At Africa Is a Country, we have been less interested in what rulers think we should do to confront the challenges of our historical moment and more in what the ruled are doing. We have been particularly focused on the unprecedented social mobilizations in Kenya. Thanks to our East Africa regional editor, Wangui Kimari, we have benefitted from insightful pieces detailing not only the significance of the protests but grappling with their long-brewing structural causes (and after joining us as a Nairobi-based contributing editor, Onesmus Karanja has produced striking video commentary giving us direct access to the lives and worlds of ordinary Kenyans). While the continent grapples with its legacy of French colonialism, our Francophone regional editor, Shamira Ibrhaim, has directed our attention to long-ignored discontent in places like Martinique and Cameroon. The #EndBadGovernanceInNigeria protests have their origins in the disastrous social and economic policies of Bola Tinubu in particular and the Nigerian elite in general, and Sa’eed Husaini has brought in an excellent roster of writers historicizing the widespread disaffection before it finally exploded.

From Algiers, football journalist Maher Mezahi has kept us abreast of the latest in continental sport through the “African Five-A-Side” podcast, creating original video content, as well as crafting timely essays—his latest on the Olympics is worth keeping in mind as the global spectacle reaches its business end. From South Africa, Khanya Mtshali has continued to write stellar pieces of cultural criticism in a year when South Africa marked thirty years of democracy and held an election that shook the fundamentals of its self-concept. Through his excellent profiles of African filmmakers (alongside his regular film criticism), Tsogo Kupa has given us a window into how our predecessors faced the dilemmas of the postcolonial condition. In many senses, it’s a case of “nothing new under the sun.”

This is an indictment on us all. The more things change, the more they stay the same. Today’s social dislocations arise in part because we have still not found answers to the basic demands of our human consciousness: how to feed the hungry, house the homeless, and love the stranger. This rudimentary concept of social solidarity is becoming increasingly unintelligible. The global right feeds off of the corresponding despair this produces, doubling down on an ethic of “every person for themselves.”

On our annual publishing break, we want to seriously consider what it would take to undermine this script. Today’s political economy of knowledge is modeled on the reproduction of the idea that things can’t really change, and the future will merely be a slightly modified version of the present. Fredric Jameson once remarked, leading Mark Fisher to coin the term “capitalist realism”––“it is easier to imagine the end of the world than the end of capitalism.” Now, it is easier to imagine the end of the world and the end of capitalism. It is much harder to imagine anything else.
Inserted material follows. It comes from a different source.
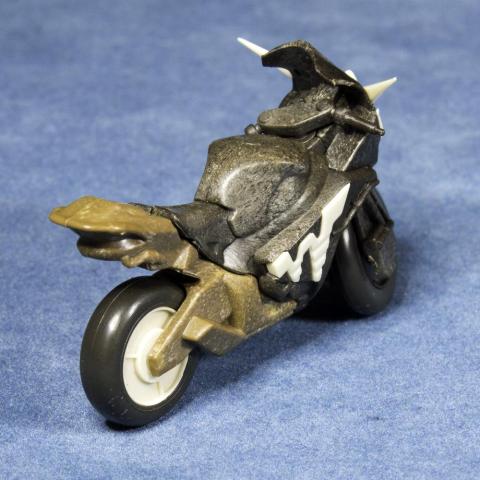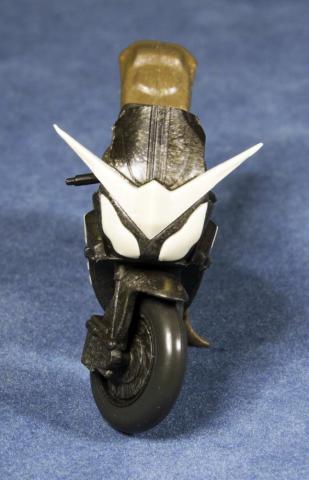 「GRAINIC MOLDING」という異なる2色の樹脂を混合・成形し、木目風の流れ模様を再現する技術を使用し作られた歴代仮面ライダーのバイクです。

But that hasn’t stopped the thousands in Kenya, Nigeria, Uganda, Zimbabwe, Bangladesh, Sudan, and Palestine from demanding something different. If we have any role to play at Africa Is a Country, it’s to help sharpen our ability to imagine different, to imagine better. This is what the opposite of “weird” should be—because if normal is shorthand for the “status quo,” it is just as problematic and just as weird.